There’s a heavy sadness to that knowledge. And I see our family’s experience here as a microcosm that mirrors many of the things America struggles with today. As a society, America also values the safety of a sharp blade and the view that the empowered individual is the path to greatness. And as a society, we still struggle to find answers that we can accept to balance that deeply-held belief with appropriate restraint.
We see it with actual weapons, sure, but it runs deeper than that — we see it in our attitude toward laws, in our approach to geopolitics, in the debate about content moderation online, in the way we struggle to balance the traditions that made us great with the realities of a modernity accelerating with a speed the founders of those traditions could not possibly have imagined.
I feel this tension too — the tension between the empowered individual, which I believe in deeply, and a duty of care toward others, which I also believe in. It seems to me we’re missing some frameworks here as a country, too: we find ourselves discovering a lot of bathrobe pistols while also not wanting to temper the beliefs that put them there. And like an awkward grandson humbled and frozen in the presence of the patriarch, we’re simply not sure what to do about any of it yet.
I love you grandpa.
I’m gonna try and do you proud.
My grandfather took me fishing every time we visited his home in Thermopolis, Wy. The Bighorn River is to this day, my favorite river on Earth. He was a tower of a man at 6'5'' of 285 lb. Before he "retired" to feed the buffalo at Hot Springs State Park at the Buffalo Pasture, he employed as a policeman for the town of Riverton, Wy. I owe a whole lot to that tower.

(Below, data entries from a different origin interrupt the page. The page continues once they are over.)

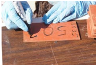
Each tile has to be checked, and possibly darkened or recreated.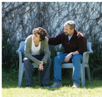
Beautiful Boy (15) Fri 8 – Thu 14 February Dir. Felix van Groenigen, US, 2018, 120 mins. Cast. Timothee Chalamet, Steve Carrell.

Robert Redford gives an unforgettable final performance as a smooth lifelong criminal in this based-on-a-true-story tale. Forrest Tucker has been to jail 18 times and now, at the age of 70, he's made yet another prison escape and is on a nationwide string of heists with the help of his charm and good manners.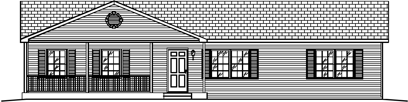
FRONT ELEVATION OVERALL DIMENSIONS: 56'-0" x 28'-0"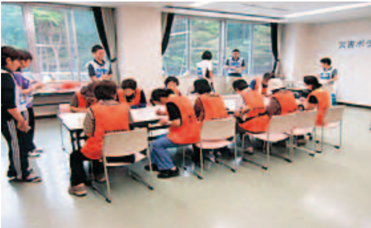
Training meeting of disaster volunteer support network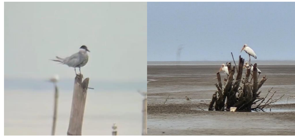
Figure 3. A) Sterna nilotica and B) Mycteria cinerea documented at the observation sites

Based on the threat status records according to the IUCN Red List, 4 bird species have near threatened status (NT or Near Threatened), including Anas gibberifrons , Charadrius javanicus , Anhinga melanogaster , and Limosa limosa . As many as 1 bird species has vulnerable status (VU or Vulnerable), Centropus nigrorufus . In addition, 2 endangered bird species (EN or Endangered) were also found, those were Numenius madagascariensis and Mycteria cinerea . As many as 50 other species have low risk status (LC or Least Concern) [14].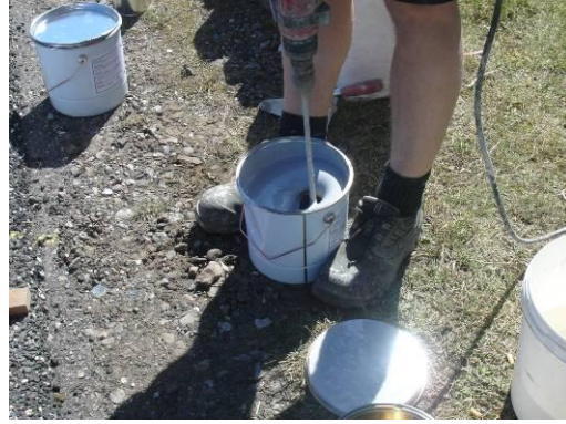
The mixture is stirred mechanically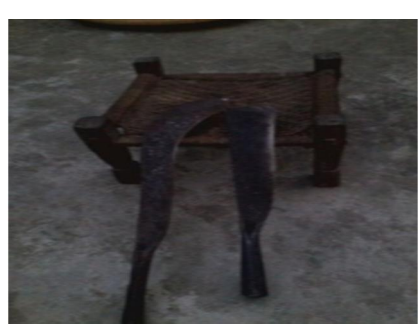
7. Sikha gobda (Big Knives) used in defensive, hunting, agriculture, domestic, house building, communication & network building.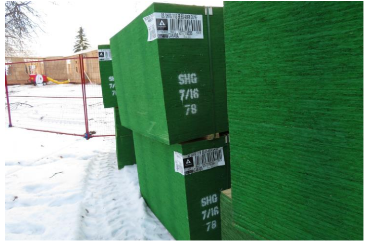
The arrival and unloading of the sheathing for the next big job!!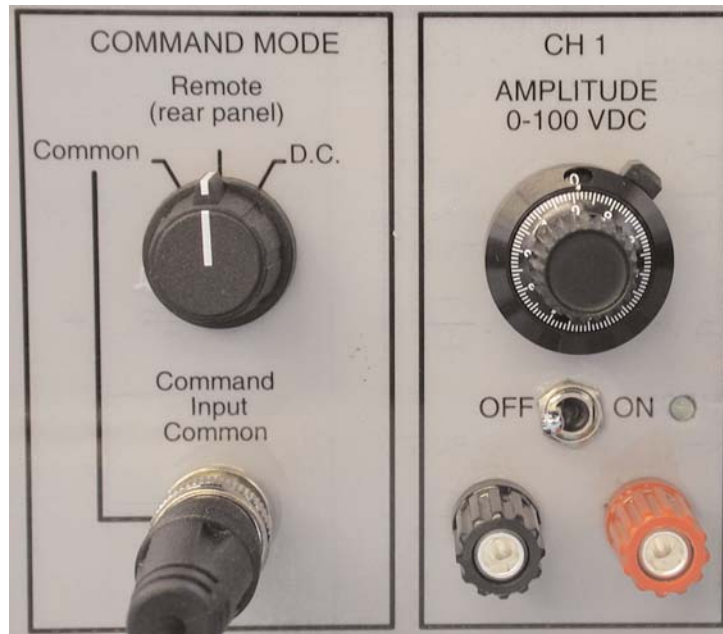
Figure 1: The command mode control knob for selecting the type of triggering used on the CK-100, and input connector for the common mode with a BNC cable attached, are seen on the left side. The output connectors and controls, the amplitude knob and the On-Off switch, are seen on the right side.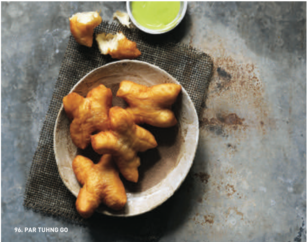
96. PAR TUHNG GO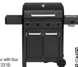
Connoisseur with four burners (613318)

See all products at mustang-grill.com/en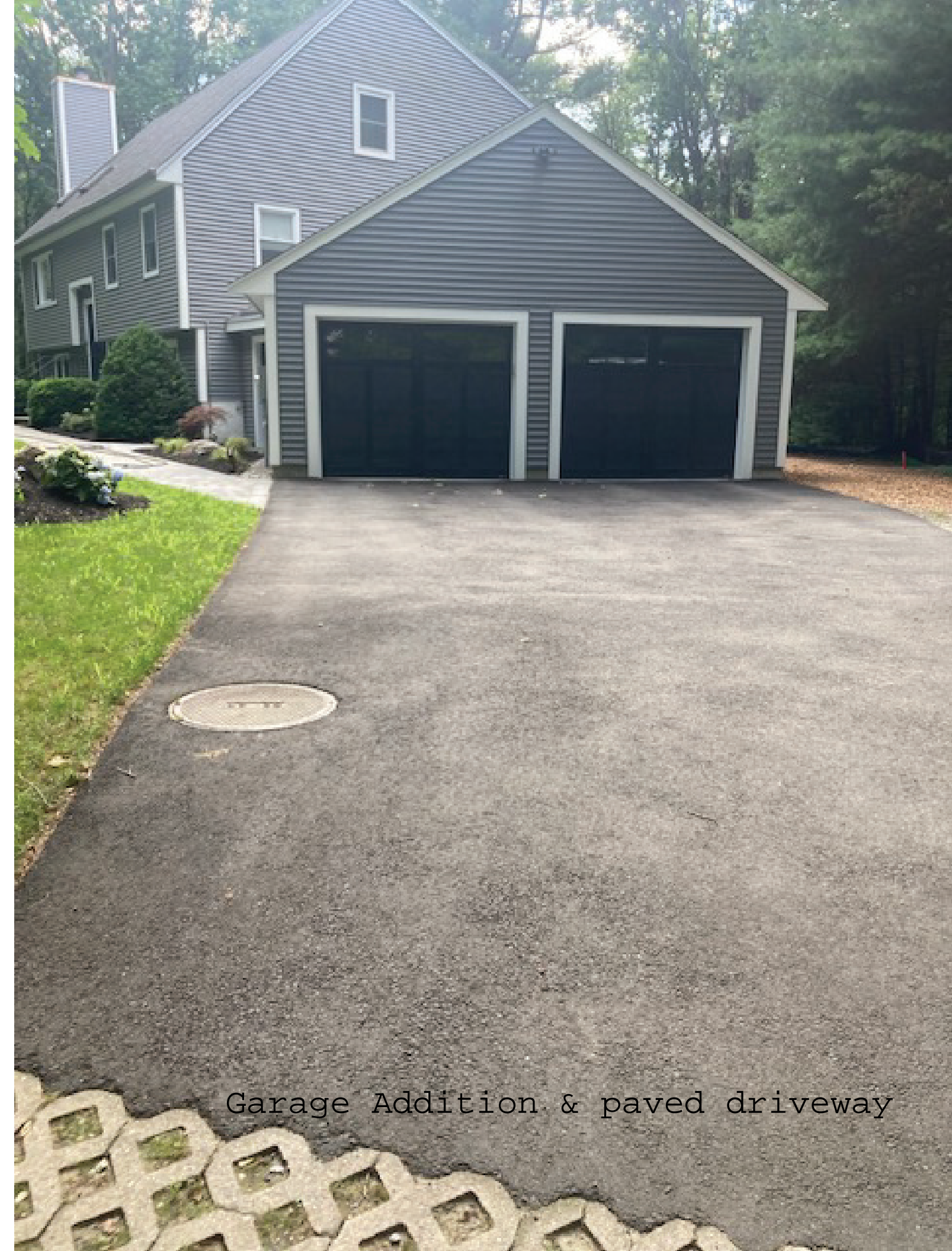
Garage Addition & paved driveway

Thank you for sharing this.
I appreciate you writing this. Your grandfather sounded like he was a great man. My dad was a Vietnam Veteran who taught me the value of personal strength, resilience and integrity. He was, he is, my hero. He was also a flawed man who made mistakes, who became frail and hid mind faltered after fighting cancer w/ chemotherapy for 6 years more than likely given to him by Agent Orange. My dad did not regret his sacrifice. Neither do I. The sacrifices our family's made for this country give me pride. Our humanity is so humbling.
My father worked his ass off to give his family a better chance. Hard work and perseverance were his daily sermons, preached through his daily actions. He taught leadership through integrity and respect. He is my lifelong mentor.
I wholeheartedly believe you will make your grandfather proud Travis. I believe he'd be proud of you now, though the work of protecting our country is far from done. I look forward to following your journey. You inspire me daily to continue my own legacy.